Peraltro, a ben vedere nel caso in esame manca lo stesso fondamento della pertinenzialità ai sensi
dell’art. 817 cod. civ. costituito, com’è, non solo dall’elemento oggettivo della destinazione di una
cosa al servizio (o ornamento) dell’altra, ma pure dall’elemento soggettivo inteso quale volontà del
proprietario della cosa principale ad imprimere la destinazione in parola, atteso che le unità
immobiliari a cui i box accederebbero non appartengono agli stessi soggetti proprietari dei
medesimi box, bensì allo IACP (o oggi l’organismo ad esso succeduto), di cui detti proprietari sono
affittuari. Pertanto, va esclusa la stessa configurabilità di pertinenza anche nella più ampia nozione
civilistica, dunque a maggior ragione sotto il profilo urbanistico-edilizio.
Ne deriva che manufatti, ricadenti in area vincolata ai sensi del d.l. 27 giugno 1985 n. 312
convertito, con modificazioni, dalla legge 8 agosto 1985 n. 431, devono ritenersi soggetti al regime
non della mera autorizzazione, bensì a quello, ordinario, della concessione edilizia, con conseguente
applicabilità del cit. art. 4. Tanto in assenza di domanda di condono edilizio, il cui mancato inoltro
risulta verificato dal Comune per ciascun box come da singole schede in atti (sicché è smentita la
mera e non documentata affermazione contraria del ricorrente, contenuta nel settimo motivo del
gravame, peraltro non esaminato dal TAR), stante il disposto dell’art. 40 della stessa legge n. 47 del
1985, secondo cui in tal caso “si applicano le sanzioni di cui al capo I” con evidente riferimento alla
situazione vincolistica in atto al momento del riscontro dell’abuso. Di qui l’irrilevanza
dell’imposizione del predetto vincolo in epoca successiva alla realizzazione dei medesimi
manufatti, i quali avrebbero dovuto ugualmente essere oggetto di domanda di condono, come
dimostra il disposto dell’art. 32, co. 4, della ripetuta legge n. 47 del 1985.

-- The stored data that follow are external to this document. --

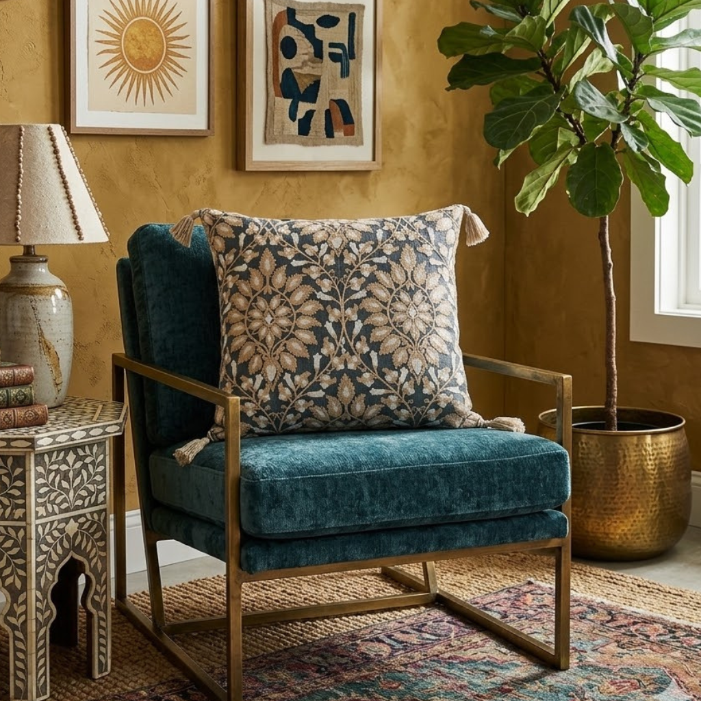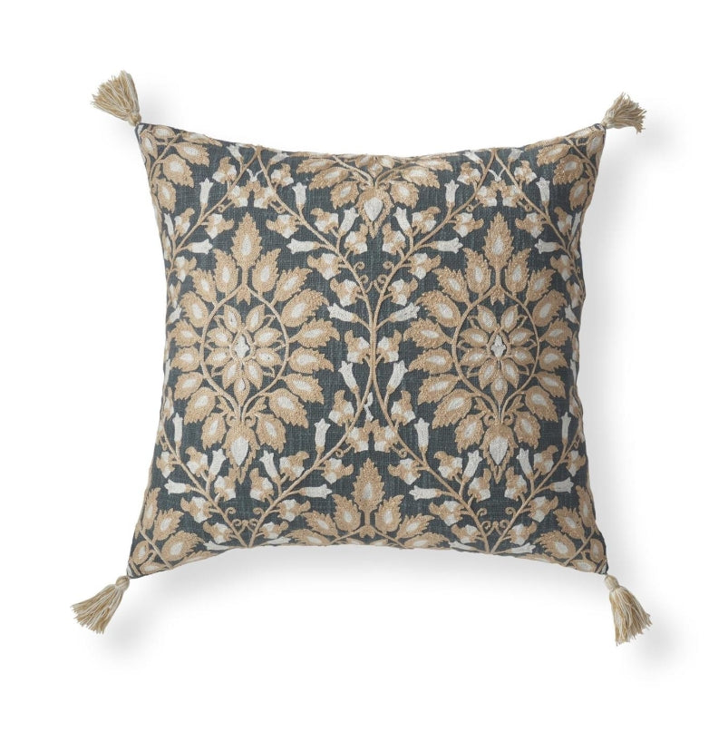 Bring a touch of artisan charm to your space with this stunning handcrafted statement piece. Intricately embroidered with a sweeping botanical pattern in warm taupe and soft cream against a deep, moody blue backdrop, this pillow feels like a rare vintage find. Finished with playful corner tassels for an extra layer of texture..
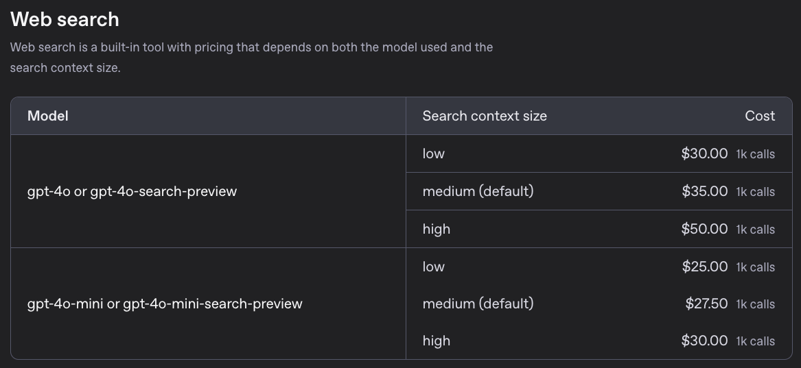 ウェブ検索は Context Size を low / medium / high から選べて、デフォルトは medium が適用される。個人的には 4o / 4o-mini で正直あんまり変わらないという印象を持ちました。
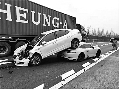 本报讯 23日13时45分左右,在G15甬台温高速往宁波方向1509K附近,由于车流量较大出现了车辆排队缓行的情况,此时,一辆白色保时捷小车行经此处,径直向队尾一辆雪铁龙白色小车撞了过去,最终导致一起三车追尾事故。其中雪铁龙小车被顶得调了个头,并“骑”在保时捷小车上,两车停于主车道,雪铁龙车上一名乘客受轻微伤。

Del pari irrilevante, contrariamente a quanto ritenuto dal TAR, è il fatto che il vincolo in parola non
comporti inedificabilità assoluta, poiché ciò non esentava gli interessati dal richiede la concessione
in sanatoria, da rilasciarsi previo parere favorevole dell’amministrazione preposta alla tutela del
medesimo vincolo.
Per le considerazioni sin qui esposte, vanno condivisi i motivi terzo e quarto d’appello, formulati in
relazione all’accoglimento da parte del TAR dei motivi di primo grado secondo, quarto e quinto,
incentrati sugli aspetti trattati.
Infine, è fondato anche il quinto mezzo d’appello, volto a contestare il dichiarato, ma del tutto
immotivato, accoglimento anche del terzo motivo del ricorso di primo grado, di violazione dell’art.

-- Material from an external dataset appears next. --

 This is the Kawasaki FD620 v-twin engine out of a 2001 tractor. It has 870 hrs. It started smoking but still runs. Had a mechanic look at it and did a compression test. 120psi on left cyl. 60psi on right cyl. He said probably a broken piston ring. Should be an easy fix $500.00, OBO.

27 della stessa legge n. 47 del 1985 in quanto l’esecuzione d’ufficio della demolizione non sarebbe
stata preceduta dalla valutazione tecnico economica dell’intervento. I provvedimenti impugnati
recano, invero, l’espresso richiamo alla procedura prevista dal detto art. 27, quindi alla
sottoposizione all’approvazione della Giunta della valutazione-tecnico economica demandata
all’ingegnere dirigente dell’Ente ed all’affidamento dei lavori con le prescritte modalità.

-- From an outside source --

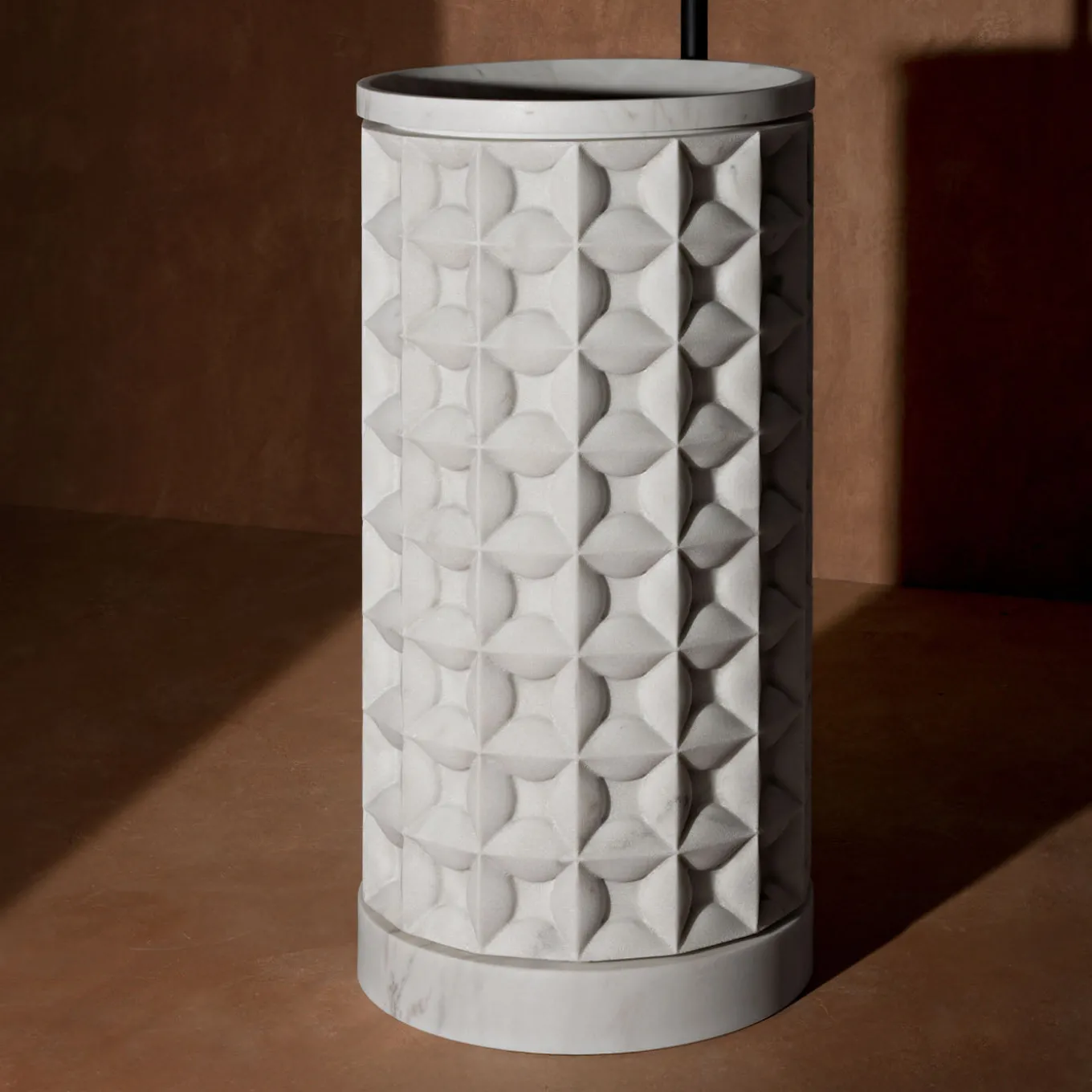 Il lavabo in marmo cilindrico freestanding ‘Dawn’ di Christophe Pillet presenta un blocco cilindrico scultoreo arricchito da una texture ornamentale a griglia tridimensionale sulla sua superficie esterna. Questo design è incorniciato da due bande lisce e lucide alla base e alla sommità, evidenziando il contrasto tra finiture testurizzate e raffinate. Il lavabo funge da elegante pezzo monolitico centrale, ispirandosi alla ricca tradizione del marmo italiano. Rubinetti non inclusi.

In conclusione, l’appello dev’essere accolto sotto il profilo sostanziale, senza che occorra esaminare
i motivi d’appello primo e secondo, incentrati su questioni di rito.
Tuttavia, tenuto conto sia delle finalità che della risalenza nel tempo del commesso abuso di cui si è
discusso, si ravvisano eque ragioni affinché possa essere disposta la compensazione tra le parti delle
spese di entrambi i gradi.

P.Q.M.

Il Consiglio di Stato in sede giurisdizionale (Sezione Quinta), definitivamente pronunciando


sull’appello, come in epigrafe proposto, lo accoglie e per l’effetto, in riforma della sentenza
appellata, respinge i ricorsi di primo grado.
Spese compensate.
Ordina che la presente sentenza sia eseguita dall’autorità amministrativa.